Supplied information>
-- Opening Marker --
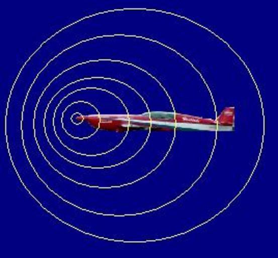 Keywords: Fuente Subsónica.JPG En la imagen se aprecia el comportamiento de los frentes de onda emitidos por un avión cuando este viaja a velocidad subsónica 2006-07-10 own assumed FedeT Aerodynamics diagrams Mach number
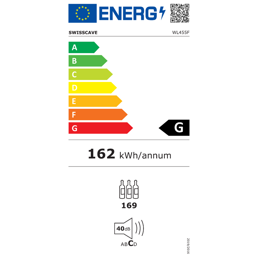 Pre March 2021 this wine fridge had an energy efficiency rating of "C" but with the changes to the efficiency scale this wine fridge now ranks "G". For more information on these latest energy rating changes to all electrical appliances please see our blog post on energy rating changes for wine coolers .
-- Closing Marker --
-- Opening Marker --
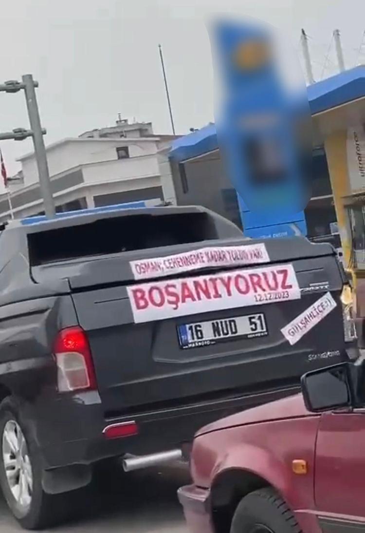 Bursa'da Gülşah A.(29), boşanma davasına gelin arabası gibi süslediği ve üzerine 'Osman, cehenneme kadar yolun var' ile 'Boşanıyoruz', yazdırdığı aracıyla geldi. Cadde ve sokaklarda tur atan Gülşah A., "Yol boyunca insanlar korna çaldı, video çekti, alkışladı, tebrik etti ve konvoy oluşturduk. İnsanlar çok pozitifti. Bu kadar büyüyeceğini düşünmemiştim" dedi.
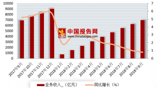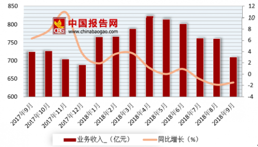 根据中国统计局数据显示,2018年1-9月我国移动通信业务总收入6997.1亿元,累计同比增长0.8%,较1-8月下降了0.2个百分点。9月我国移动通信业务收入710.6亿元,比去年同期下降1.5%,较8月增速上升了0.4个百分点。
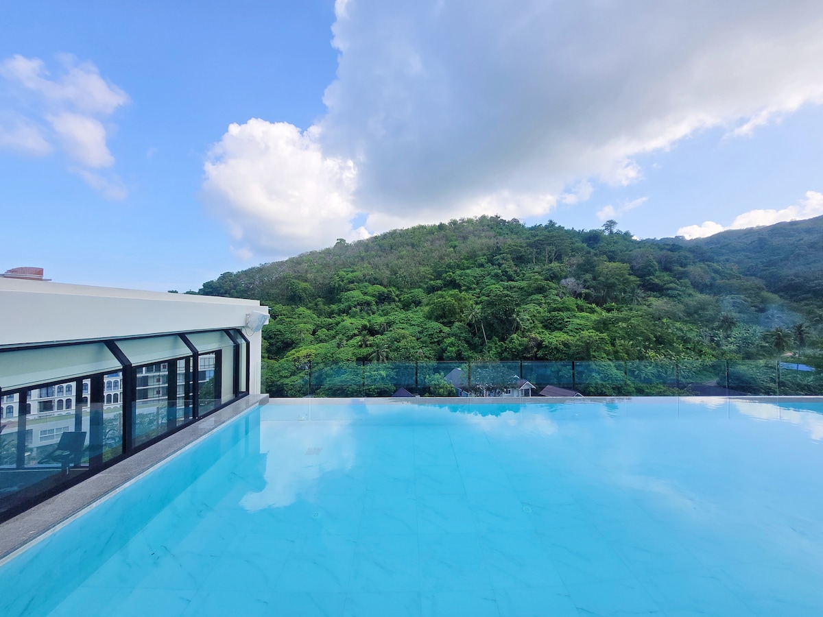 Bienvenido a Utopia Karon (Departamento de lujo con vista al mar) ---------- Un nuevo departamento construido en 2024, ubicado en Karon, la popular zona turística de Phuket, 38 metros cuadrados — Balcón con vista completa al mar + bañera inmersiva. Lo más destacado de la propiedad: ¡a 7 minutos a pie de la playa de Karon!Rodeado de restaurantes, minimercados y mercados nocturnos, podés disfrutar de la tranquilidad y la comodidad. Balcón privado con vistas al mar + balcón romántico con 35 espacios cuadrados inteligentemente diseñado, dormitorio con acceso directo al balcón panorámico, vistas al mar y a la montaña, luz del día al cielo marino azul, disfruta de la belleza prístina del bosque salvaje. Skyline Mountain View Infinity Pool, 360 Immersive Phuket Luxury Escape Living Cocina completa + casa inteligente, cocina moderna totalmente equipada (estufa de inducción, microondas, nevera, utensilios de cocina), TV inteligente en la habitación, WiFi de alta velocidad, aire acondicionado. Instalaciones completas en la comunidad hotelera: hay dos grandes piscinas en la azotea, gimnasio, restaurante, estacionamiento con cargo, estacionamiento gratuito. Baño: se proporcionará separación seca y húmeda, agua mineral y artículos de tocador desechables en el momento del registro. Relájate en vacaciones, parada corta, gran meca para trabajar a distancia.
-- Closing Marker --
What is being asked>
Within the listing above, write out the stretch from the line with "Keywords: Fuente Subsónica.JPG" through the line with "Pre March 2021" exactly. Any pictures are to be left out.

Exercise result>
 Keywords: Fuente Subsónica.JPG En la imagen se aprecia el comportamiento de los frentes de onda emitidos por un avión cuando este viaja a velocidad subsónica 2006-07-10 own assumed FedeT Aerodynamics diagrams Mach number
 Pre March 2021 this wine fridge had an energy efficiency rating of "C" but with the changes to the efficiency scale this wine fridge now ranks "G". For more information on these latest energy rating changes to all electrical appliances please see our blog post on energy rating changes for wine coolers .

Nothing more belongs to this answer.